The subject term is an artificial language used for expressing text topics in indexing and retrieval, and has conceptualized and normalized features. In the embodiment of the present application, any one of the subject extraction methods may be adopted to extract a subject term from the first sentence set, for example, a Latent Dirichlet Allocation (LDA) subject model and the like. The extracted subject words form a first subject word set corresponding to the first time segment.
It should be noted that, taking the LDA topic model as an example, a general topic model needs to set the number of topic words first and perform clustering to obtain the topic words. However, in practical applications, the number of topic words in each time segment is not constant, and errors are likely to occur by using the LDA topic model. Therefore, in some possible implementations of the embodiment of the present application, a Hierarchical Dirichlet Process (HDP) may be used to generate a topic word set corresponding to each time slice. The HDP is a non-parametric model and is a variant of the LDA topic model, and the HDP has the advantages that the number of topics is not required to be preset, and the accuracy of topic word extraction is guaranteed.
When the HDP is used to generate the topic word set corresponding to each time segment, the first sentence set may be segmented first, and stop words in the obtained segmentation result may be filtered out. The stop word means that in the information retrieval, in order to save storage space and improve search efficiency, some characters or words can be automatically filtered before or after processing natural language data (or text), and the stop word can include a mood auxiliary word, an adverb, a preposition word, a connection word and the like, and can be set manually according to actual needs. Then, topic modeling is carried out through HDP to form a topic model, and the obtained topic model is used for calculating the word segmentation result after the stop words are filtered out to obtain a first topic word set.

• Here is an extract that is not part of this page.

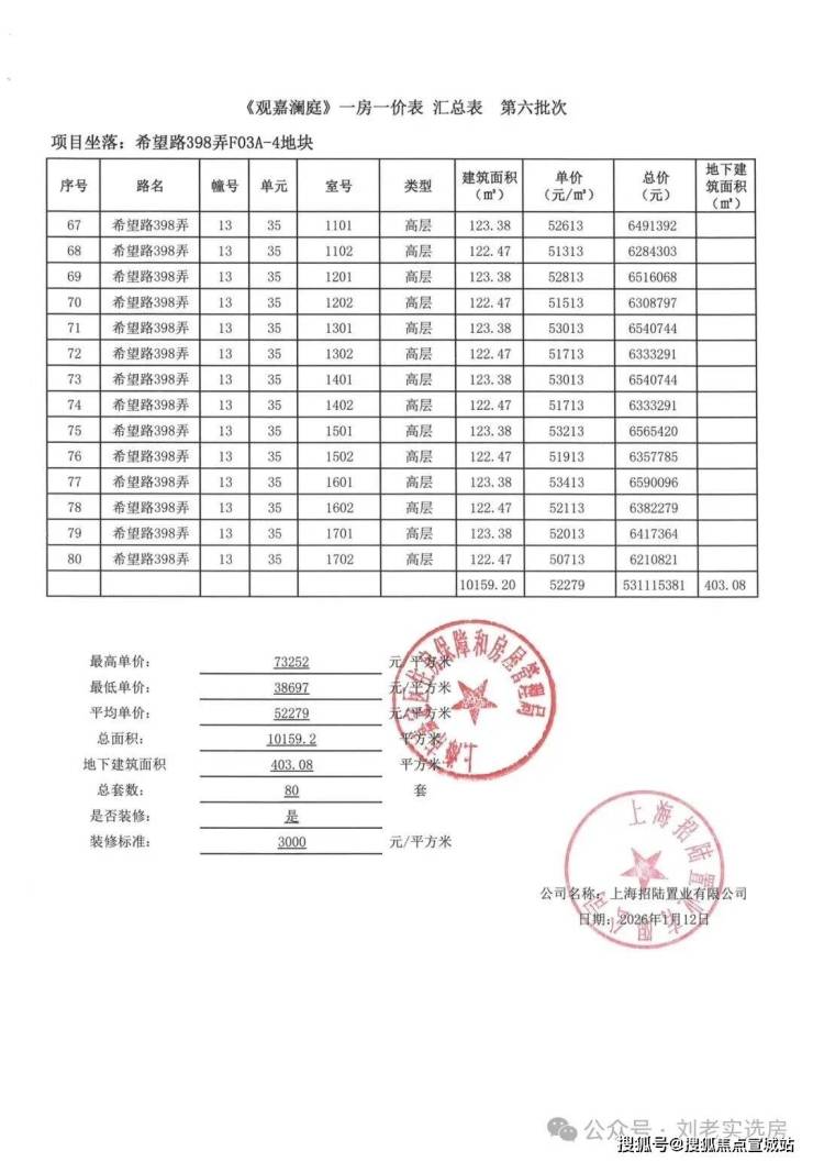 本批次一房一价表如下:

In some possible implementation manners, in order to improve the accuracy and the processing efficiency of the abstract, no more than a certain number of subject words may be selected from the extracted subject words according to the order of the weights from high to low, so as to obtain a first subject word set, where the number of selected subject words is not limited.
S403: and obtaining the article relevance corresponding to each sentence in the first sentence set according to the word frequency of the sentence co-occurrence words in the expected text in the first time segment and the word frequency of the topic co-occurrence words in the expected text in the first time segment.
In the embodiment of the present application, the sentence co-occurrence word is a character or a character string appearing in any two sentences in the first sentence set at the same time, the topic co-occurrence word is a character or a character string appearing in the first sentence set and the topic word at the same time, and the article relevancy represents the possibility that the article co-occurrence word reflects the idea of the center of the desired text in the first time segment. And determining abstract sentences of the expected text in the first time segment according to the article relevance.
It can be understood that the character or the character string in step S403 may be directly extracted, or may be obtained according to a certain rule (e.g., an N-gram rule), and is not described herein again. As the number of occurrences of a character or character string in the desired text within the first time segment increases, the likelihood that a sentence comprising the character or character string will express the idea of the center of the desired text increases.
Therefore, the degree of correlation between the target sentence and the other sentences in the first sentence set can be obtained according to the word frequency of the sentence co-occurrence words included in the target sentence (i.e. any one sentence in the first sentence set) in the first sentence set in the expected text in the first time segment, and the capability of the target sentence to summarize the expression content of the other sentences in the first sentence set is reflected. And according to the word frequency of the topic co-occurrence words included in the target sentence in the expected text in the first time segment, obtaining the degree of correlation between the target sentence and the topic words in the first sentence set, and reflecting the capability of the target sentence for expressing the central thought of the expected text in the first time segment.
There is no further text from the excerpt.